How can brokers branch out into cannabis coverage? Industry veteran tells all

How can brokers branch out into cannabis coverage? Industry veteran tells all

The legalization of recreational cannabis in Canada is one of the hottest topics in insurance right now. A host of brokers are asking themselves: how do I even begin to approach this mysterious new market?

Lars Rittmann (registered broker, Erb and Erb Insurance) is an expert on the subject, who will be speaking at the upcoming webinar ‘Cannabis Cover: current needs and future opportunities’ on February 08.

We asked him just what brokers can expect from this new market …

Insurance Business: Why should brokers get involved in this market? What benefits does it offer over other niche areas?

Lars Rittmann: It’s going to be big. Way larger than expected.

It’s important to think beyond just cannabis. After legalization, farmers can start growing hemp again. You can make paint out of it, building material, clothing, homes … so there’s all kinds of things beyond cannabis legalization that could be coming out of this that no-one’s even looking at. Imagine if we started growing hemp and used it to make fuel for cars.

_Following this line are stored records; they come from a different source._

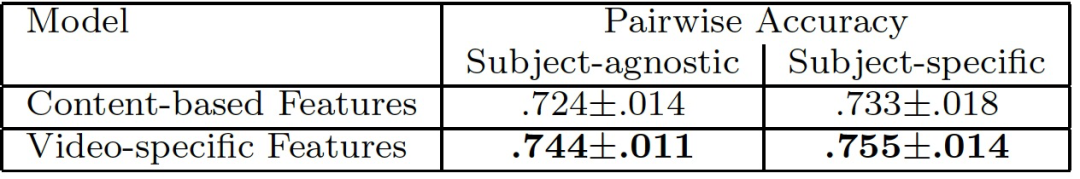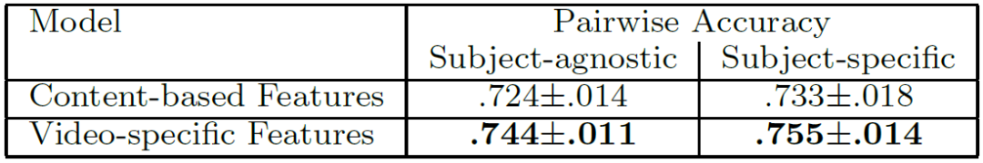表 2. 通过使用基于内容的功能与基于内容的 + 视频特定功能的 RF 模型的 5 倍交叉验证,实现标准误差的成对准确度。
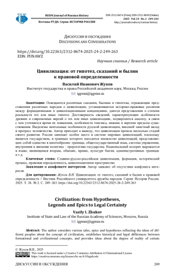 Освещаются различные сказания, былины и гипотезы, отражающие представления различных народов о цивилизации, устанавливаются историко-правовые различия между формационными и цивилизационными концепциями, даются представления о степени реальности тех или иных гипотез. Достоверность сведений, характеризующих особенности древних и современных версий о тех или иных цивилизациях, подвергаются анализу, в связи с чем уточняется время их появления, особенности генезиса, нижние и верхние пределы существования. Выделены ментальные особенности русской цивилизации, внесшей заметный вклад в прогресс человечества. Автор приходит к выводу, что цивилизация прошла несколько стадий своего развития. Россия занимает особое место в системе мировых цивилизаций, поскольку является государством, в границах которого находится множество цивилизаций, представляющих собой единство в многообразии: границы, общегосударственный язык, система управления, внутренняя и внешняя политика - прерогатива государства. Национальный колорит выражается в языке, являющимся вторым, обычаях, нравах, культуре бытия, административных границах и т. д.
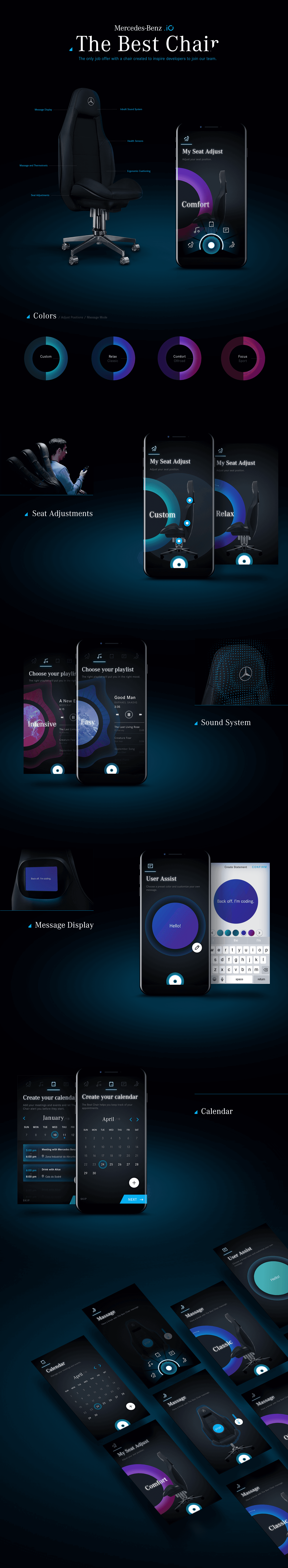 Working in a creative tech agency, I was responsible for defining and designing the full digital experience that connected the chair to the user. I designed a mobile app that allowed visitors to adjust their seat settings, explore the chair’s “car-like” features, and engage with the brand through a playful yet premium interaction model. This included: • Mapping the experience from event onboarding to chair interaction • Designing flows for personalizing the chair (position, temperature, lights, etc.) • Creating a visually rich UI aligned with Mercedes-Benz’s design language The result was a seamless, high-impact experience true to Mercedes-Benz’s premium identity.
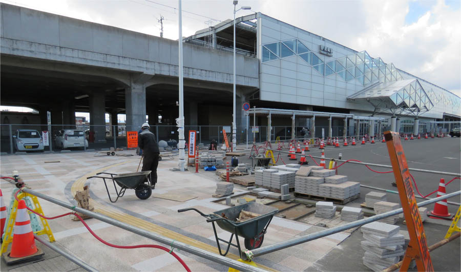 | H28年度工事もそろそろ終盤。伊勢崎駅北口では駅前広場関連の様々な工事が進んでいます。2月11日時点で、連続屋根設置工事はほぼ完了した様子で、現在その周辺のインターロッキング舗装工事が進んでいます。ロータリー内でも舗装面を剥がし、照明柱と思しき支柱の施工等が進んでいますが、完成形状はまだ見えません。(2017/2/13 記) | ||||||||||||||||||||
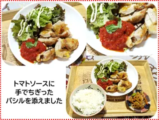 NEW トマトソースを作られたんですね〜 トマト缶を使ってトマトソースを作ると酸味が強く感じますョネ〰️ izuみんさんはコンソメ、醤油、トマトケチャップ、ハチミツ🍯を入れたんですね✨️ チキンにローズマリーを乗せて焼くといい香りがし、手作りのトマトソースと一緒に食べると更に美味しくなりますネ✨️
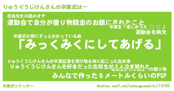| 胡散臭い通販商品みたいなあだ名 | 『必ず成功するブレスレット…その名も「りゅうぐうじけん」』 |
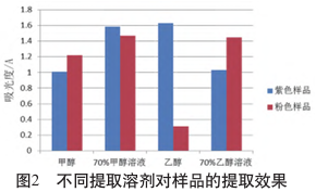 圖1 7種提取溶劑對粉色樣品的試驗結(jié)果
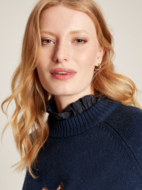 Margot Navy Blue Intarsia Knit Jumper
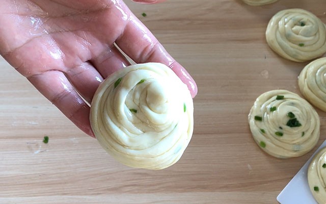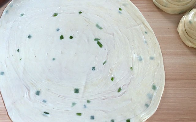 第四步:取出休息好的面团,不要揉,整成条切剂子,把剂子拉开后擀薄或者整薄。然后抹上葱油,像折扇子一样折好,再边拉长边卷,最后把尾巴收好。再次松弛10分钟左右
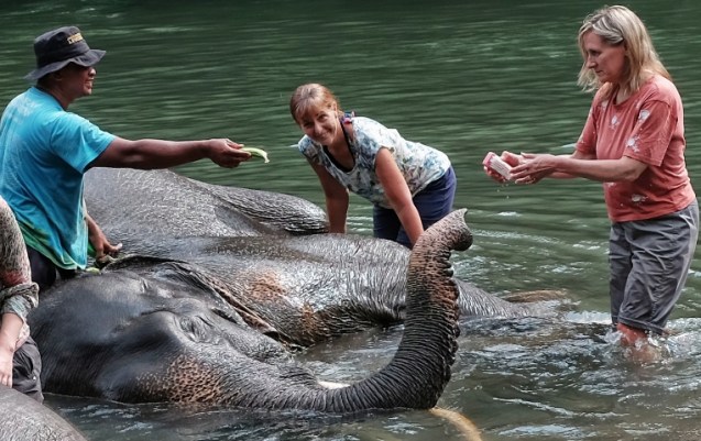 After being given brushes we all found an elephant to scrub as they lay on their sides in the shallow water, like kings waited to be bathed. The mahout had them roll over and we did the other side. Later we were each given a bag of bananas and other food. I ended up being one of the last with food and was slightly mobbed by hungry elephants. They’d have food in their mouths and trunk and STILL be looking for food. There was one baby elephant that we were told to watch as he was very “naughty”. The little guy was everywhere, sneaking food where ever he could.
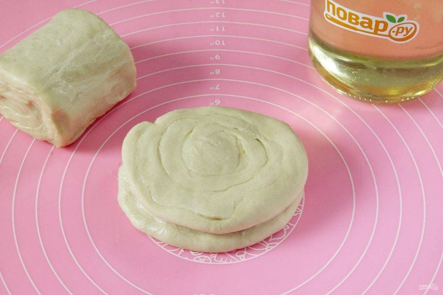 Каждую часть поставьте на срез и придавите рукой, придавая форму лепешки.

Also, just look at the edibles market. In Amsterdam, for example, there’s ice-cream and gummi bears and chocolates infused with THC. People are making pizzas with THC infused sauce. In 10 years restaurants might serve THC-infused meals. There are so many opportunities for someone to create a business that will need insuring out of this.

There’s also a lot of people out there who want to look at the medical benefits of cannabis. Once the testing begins in earnest, the sky is the limit. We don’t know the benefits until we start the research. Moving forward on a medical aspect, the growth is limitless. We’re at the tip of an iceberg right now.

From a broker’s viewpoint, we have no idea what the entrepreneurs’ ideas are moving forward. It could be a cure for cancer, for all we know.

IB: What are the key things brokers should learn before getting involved?

LR: They should understand the history of cannabis and the logistics of the plant itself. As a broker in this field, I understand the market. I’ve read a lot of books on the plant itself, I know how it works, I know all the different types of chemicals in it, so I have a pretty good idea how the plant has come to be what it is culturally.

IB: What are the needs of a typical cannabis business and how can you protect them against these risks?

LR: The biggest risk a lot of people face is theft – breaking and entering. I think every broker should talk to their clients about safety and security. That’s huge from a risk management standpoint. That’s something I always discuss with my clients.

The most policies I have now are for ACMPR growers – medical users who have been granted permission to grow for themselves. You can’t grow it at home because home insurers won’t insure you, so a lot of these guys go into commercial buildings and set up shop in these locations. The building owner now has an issue because some of the big insurance players don’t want to insure his building if marijuana growing is going on there. So, I’ve been providing coverage for the building owners who have nothing to do with the growing but who provide the space.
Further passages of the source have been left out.